One relevant detail are the eligible **research designs**. In evidence-based medicine, it is common to only include evidence from randomized controlled trials (meaning studies in which participants were allocated to the treatment or control group by chance); but this is not always required [@borenstein2011introduction, chapter 40].
\index{WEIRD Populations}
It may also be helpful to specify the **cultural** and **linguistic range** of eligible studies. Most research is based on WEIRD populations, meaning western, educated, industrialized, rich, and democratic societies [@henrich2010most]. Especially in the social sciences, it is very likely that certain effects or phenomena do not generalize well to countries with other societal norms. Many researchers, however, only consider publications in English for their meta-analyses, to avoid having to translate articles in other languages.

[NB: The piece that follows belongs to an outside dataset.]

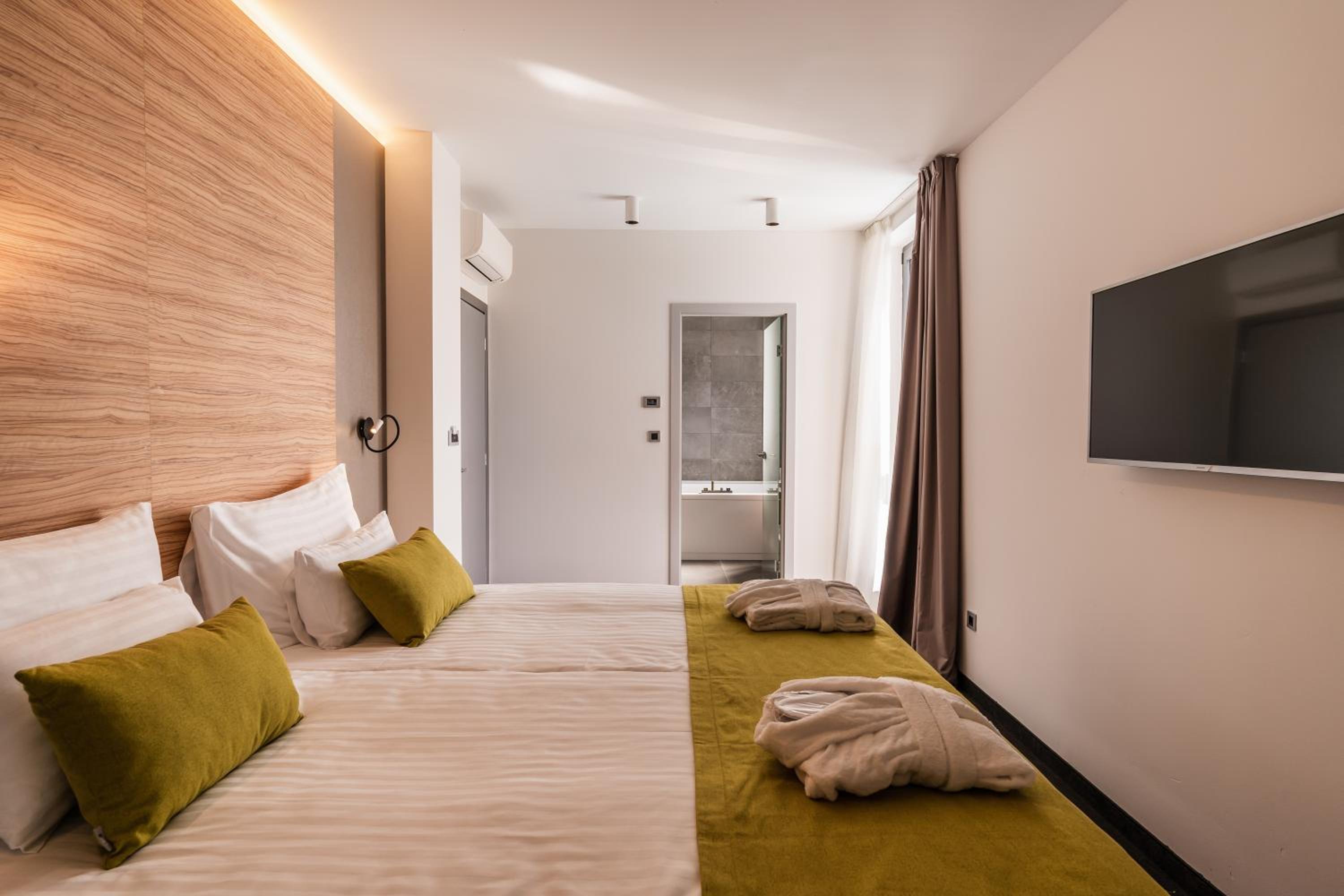 Hotel Olea offers a range of stylish rooms, suites, and villas with stunning views of the Adriatic Sea and Velebit Mountain. Rooms feature en-suite bathrooms, luxury toiletries, and balconies. Suites include a seating area and villas boast modern amenities, with a private pool and sun terrace for ultimate relaxation.
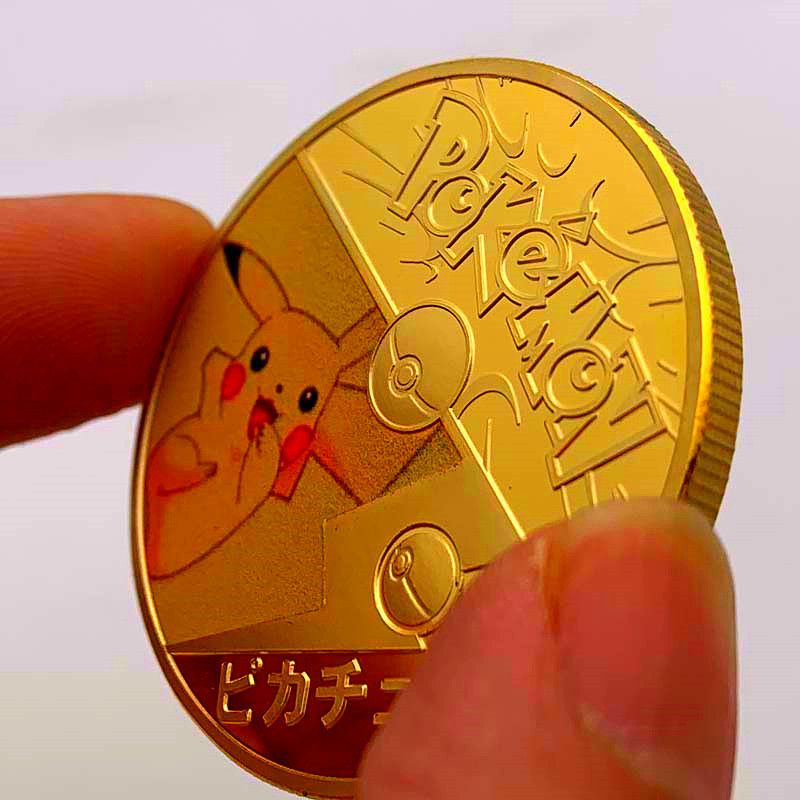 5pcs/Set Pokemon Coins Cards Pikachu Gold Plated Coin Game Collection Cards Souvenir Gift

This means that some evidence from different language areas will not be taken into account. Although English is the most common language for scientific publishing in most disciplines, it should be at least made transparent in the eligibility criteria that this limitation exists. If one of the goals of a meta-analysis is to examine cross-cultural differences, however, it is generally advisable to extend the eligibility criteria to other languages, provided all the other criteria are fulfilled.
\index{"File Drawer" Problem}
Another important aspect is the **publication type** that is allowed for a meta-analysis. Sometimes, meta-analysts only include research articles which were published in peer-reviewed scientific journals. The argument is that studies taken from this source fulfill higher standards since they have passed the critical eyes of experts in the field. This justification is not without flaws. In Chapter \@ref(pitfalls), we already covered that the "File Drawer" problem can seriously limit the validity of meta-analysis results because positive findings are more likely to get published.
A way to mitigate the risk of publication bias is therefore to also include **grey literature**. Grey literature can be defined as all types of research materials that have not been made available through conventional publication formats. This includes research reports, preprints, working papers, or conference contributions. Dissertations also often count as grey literature, although many of them are indexed in electronic bibliographic databases today [@schopfel2018electronic].
It may be advisable to at least also include dissertations in a meta-analysis. Compared to other types of unpublished material, it may be rather unlikely that the information provided in dissertations is heavily biased or downright fraudulent. Furthermore, you can still define other eligibility criteria to ensure that only studies fulfilling certain methodological requirements are included, no matter if they were published in scientific journals or not.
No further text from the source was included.